Mass flow for each analyzer and setup is typically ~150-200 sccm. Volume
flow varies with temperature and pressure. Reported measurement times
are corrected for lag time in the sample line. The native time resolution
of individual analyzers is typically between 2 and 4 seconds and may vary
slightly over time and among analyzers.
Sample air is typically not dried. Dry air mole fractions are computed
using analyzer-specific empirical corrections, derived from laboratory
tests performed before and after deployment to the field, that account
for dilution and pressure-broadening effects (Rella et al. 2013, Chen
et al. 2013). Repeated characterization of the water correction for
individual analyzers allows for uncertainty estimation of this term.
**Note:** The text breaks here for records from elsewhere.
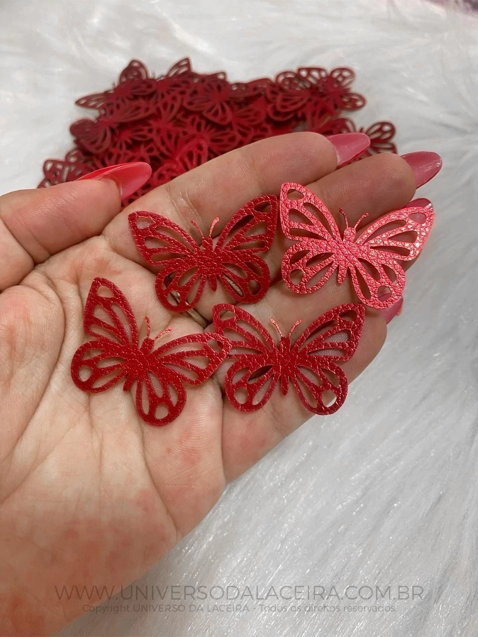 BORBOLETAS DE LONITA Encante seus projetos com nossas borboletas de lonita, meticulosamente cortadas a laser em nossa própria indústria. Este aplique foi desenvolvido para customização de peças, criação de projetos, confecção de laços, tiaras e artesanato em geral.
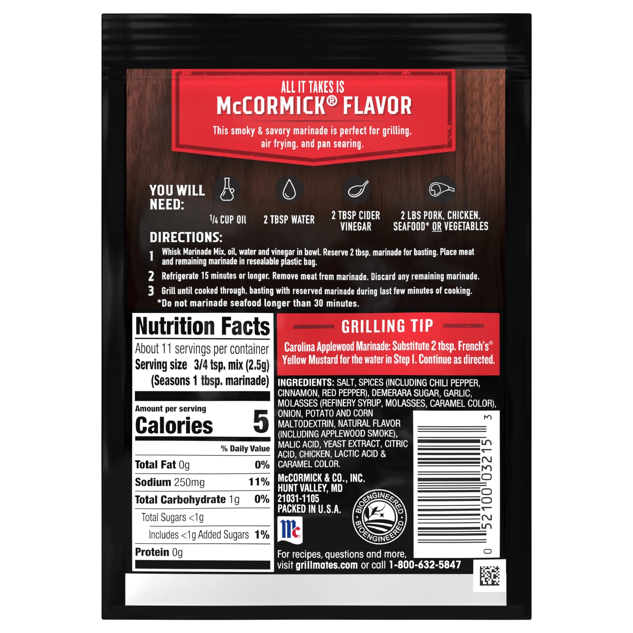 McCormick Grill Mates Gluten Free Smoky Applewood Marinade, 1 oz Envelope. For an easy marinade on seafood, beef, and pork, reach for this sweet and smoky blend of chili pepper, red pepper, garlic and applewood smoke flavor. Just add oil, water and vinegar, then marinade and baste. McCormick Grill Mates Smoky Applewood Marinade is your secret for unforgettable flavor. Ready for a twist? Use yellow mustard instead of water for Carolina style BBQ. This McCormick Grill Mates Smoky Applewood Marinade is in a Plastic packet that is 1 ounces. Store this shelf-stable item at an ambient temperature.
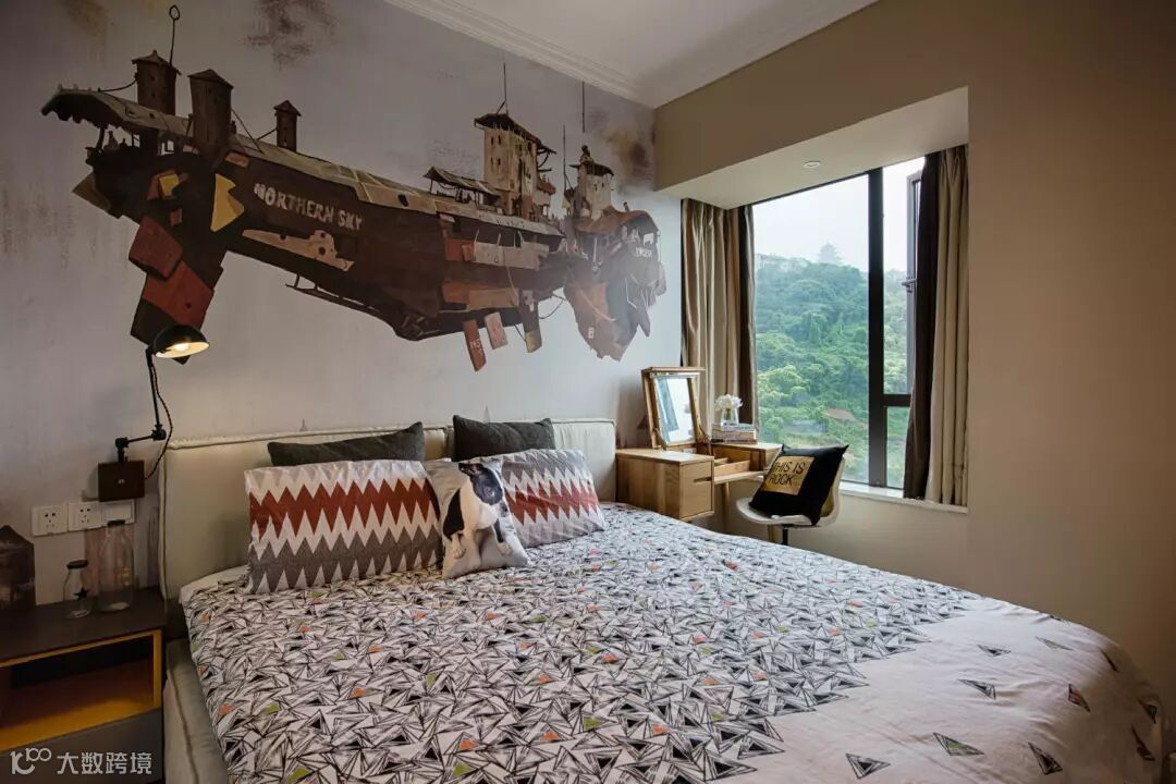 主卧的整体色调不同于其他空间,以棕色为主,橘色、黄色、绿色稍加点缀,营造了欢乐、温馨的氛围。背景墙的图案将人带入到蒸汽风格的梦幻童话里。

Analyzers are typically calibrated in the lab before and after each field
deployment against 6-7 tanks that cover a wide range of values. Calibration
tank values are assigned by the Central Calibration Laboratory at NOAA GML
(https://gml.noaa.gov/ccl/) and are traceable to World Meteorological
Organization (WMO) scales. One or two calibration cylinders is often flown
with the analyzer and measured before, during, and after each flight. When
available, in-flight calibration measurements are typically used to
derive a single offset correction for individual flights (Karion et al.
2013).
Reported uncertainties include consideration of uncertainty in the
water correction, lab and in-flight calibration, precision, and
uncertainty in values assinged to calibration tanks. If in-flight
calibrations are not available, repeated lab calibrations are used
estimate the uncertainty due to variability and drift in analyzer
response. Continuous measurement of tank air during flight has
also been used to investigate the sensitivity of the measurement
to changing conditions typically of flight conditions. When available,
comparison with independent measurements is also considered in the
uncertainty analysis.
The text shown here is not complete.